Provided data =>

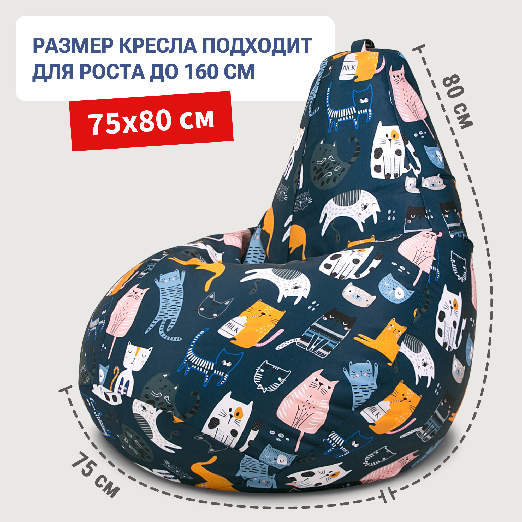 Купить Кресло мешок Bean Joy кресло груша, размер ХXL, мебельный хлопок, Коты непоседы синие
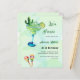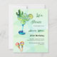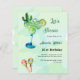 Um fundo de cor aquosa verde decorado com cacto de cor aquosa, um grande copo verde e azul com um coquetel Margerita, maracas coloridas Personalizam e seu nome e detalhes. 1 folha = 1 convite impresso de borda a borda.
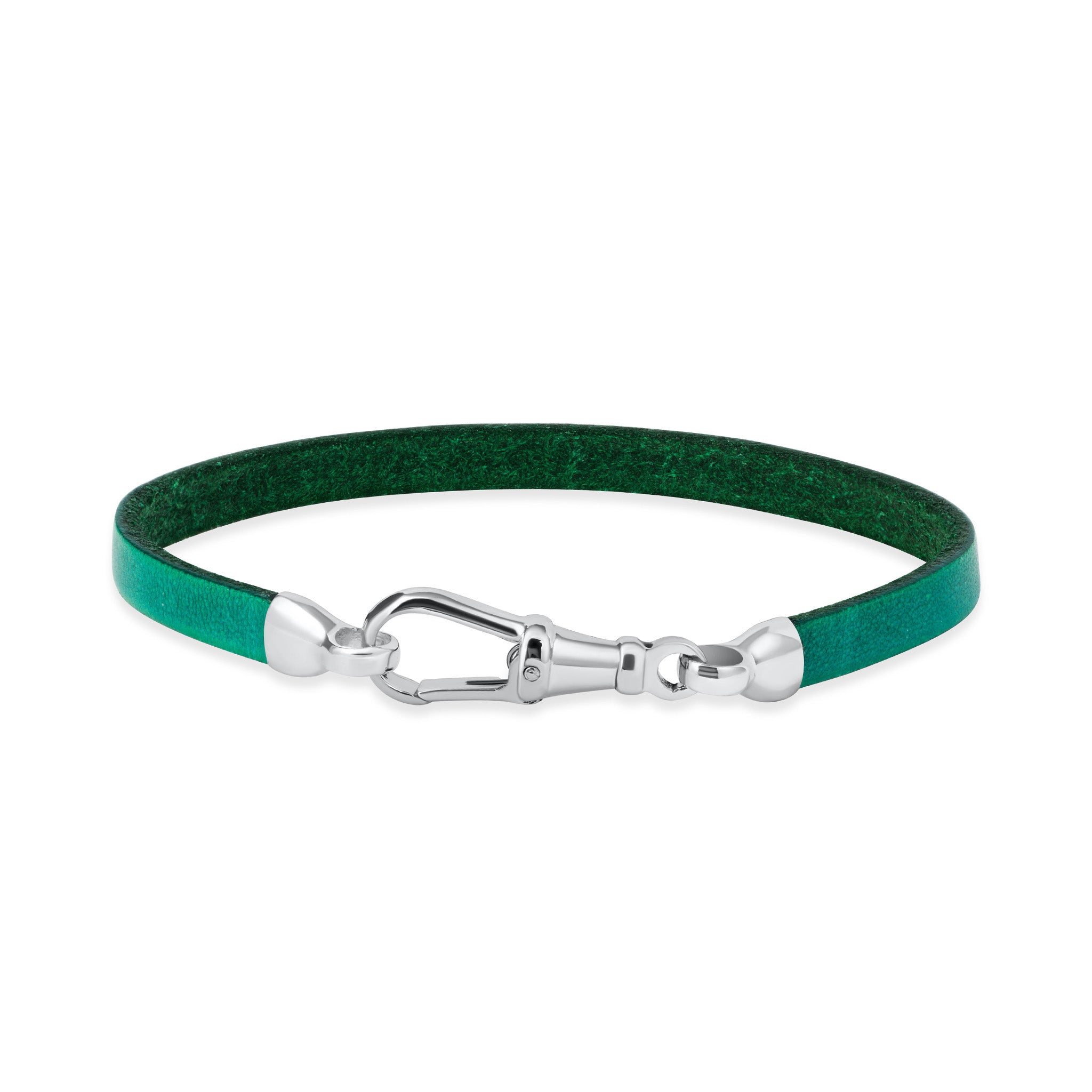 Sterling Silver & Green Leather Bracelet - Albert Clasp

Exercise objective =>
Print the whole listing above once more, word for word, without its pictures.

Answer to this problem =>
 Купить Кресло мешок Bean Joy кресло груша, размер ХXL, мебельный хлопок, Коты непоседы синие
 Um fundo de cor aquosa verde decorado com cacto de cor aquosa, um grande copo verde e azul com um coquetel Margerita, maracas coloridas Personalizam e seu nome e detalhes. 1 folha = 1 convite impresso de borda a borda.
 Sterling Silver & Green Leather Bracelet - Albert Clasp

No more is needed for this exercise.